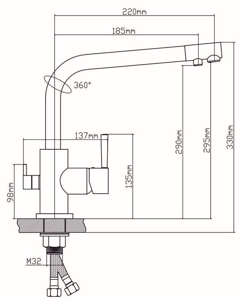 • Высота смесителя:
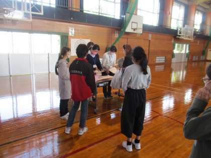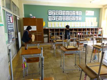 今日は、就学時健健康診断がありました。5年生は、会場準備、受付、誘導などの仕事を担当しました。「ピカピカになるようにがんばろう」と気合いを入れて、清掃に取り組みました。目線を合わせ、小さなお友達に話しかける子供たち。頼もしい5年生の姿がたくさん見られました。
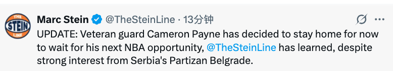 2025-10-27 00:50北京时间10月27日,据名记Stein报道,尽管贝尔格莱德游击队对卡梅隆-佩恩兴趣浓厚,但他还是决定暂时留在美国,等待重返NBA机会。
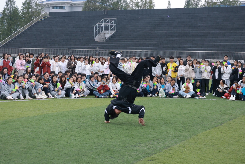 活动现场,突如其来的“快闪”表演瞬间吸引了过往师生的目光,大家纷纷驻足观看,随着曲库中随机播放的音乐即兴舞动,台下观众则化身啦啦队。舞者们或灵动跳跃,或默契配合,将现代舞的动感与青春的朝气展现得淋漓尽致。“太惊喜了!原本只是路过操场,没想到被这活力满满的舞蹈‘圈粉’了!”2024级中医康复班的王梓雯笑着说,不由自主地跟着节奏挥动双手。来自2024级护理4班的翁莎莎凭借日常的舞蹈基础完成了精彩表演,赢得了全场喝彩。
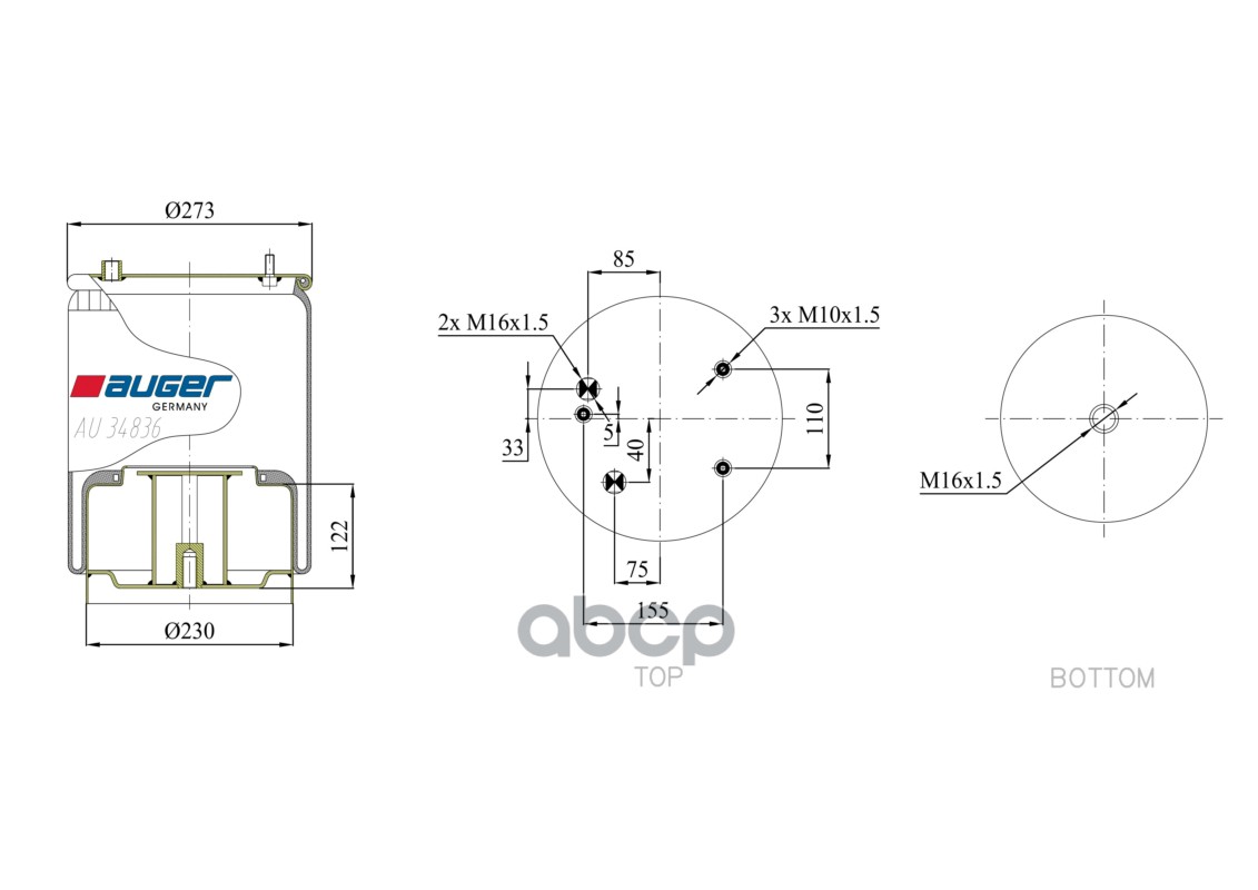 Бренд: AUGER, артикул: AU34836K18, ПНЕВМОПОДУШКА СО СТАЛЬНЫМ СТАКАНОМ DAF, 273X268 H. |
****************************************
## WORK TASK
Return every line of the listing exactly, leaving its pictures behind.

## COMPLETED EXERCISE
 • Высота смесителя:
 今日は、就学時健健康診断がありました。5年生は、会場準備、受付、誘導などの仕事を担当しました。「ピカピカになるようにがんばろう」と気合いを入れて、清掃に取り組みました。目線を合わせ、小さなお友達に話しかける子供たち。頼もしい5年生の姿がたくさん見られました。
 2025-10-27 00:50北京时间10月27日,据名记Stein报道,尽管贝尔格莱德游击队对卡梅隆-佩恩兴趣浓厚,但他还是决定暂时留在美国,等待重返NBA机会。
 活动现场,突如其来的“快闪”表演瞬间吸引了过往师生的目光,大家纷纷驻足观看,随着曲库中随机播放的音乐即兴舞动,台下观众则化身啦啦队。舞者们或灵动跳跃,或默契配合,将现代舞的动感与青春的朝气展现得淋漓尽致。“太惊喜了!原本只是路过操场,没想到被这活力满满的舞蹈‘圈粉’了!”2024级中医康复班的王梓雯笑着说,不由自主地跟着节奏挥动双手。来自2024级护理4班的翁莎莎凭借日常的舞蹈基础完成了精彩表演,赢得了全场喝彩。
 Бренд: AUGER, артикул: AU34836K18, ПНЕВМОПОДУШКА СО СТАЛЬНЫМ СТАКАНОМ DAF, 273X268 H. |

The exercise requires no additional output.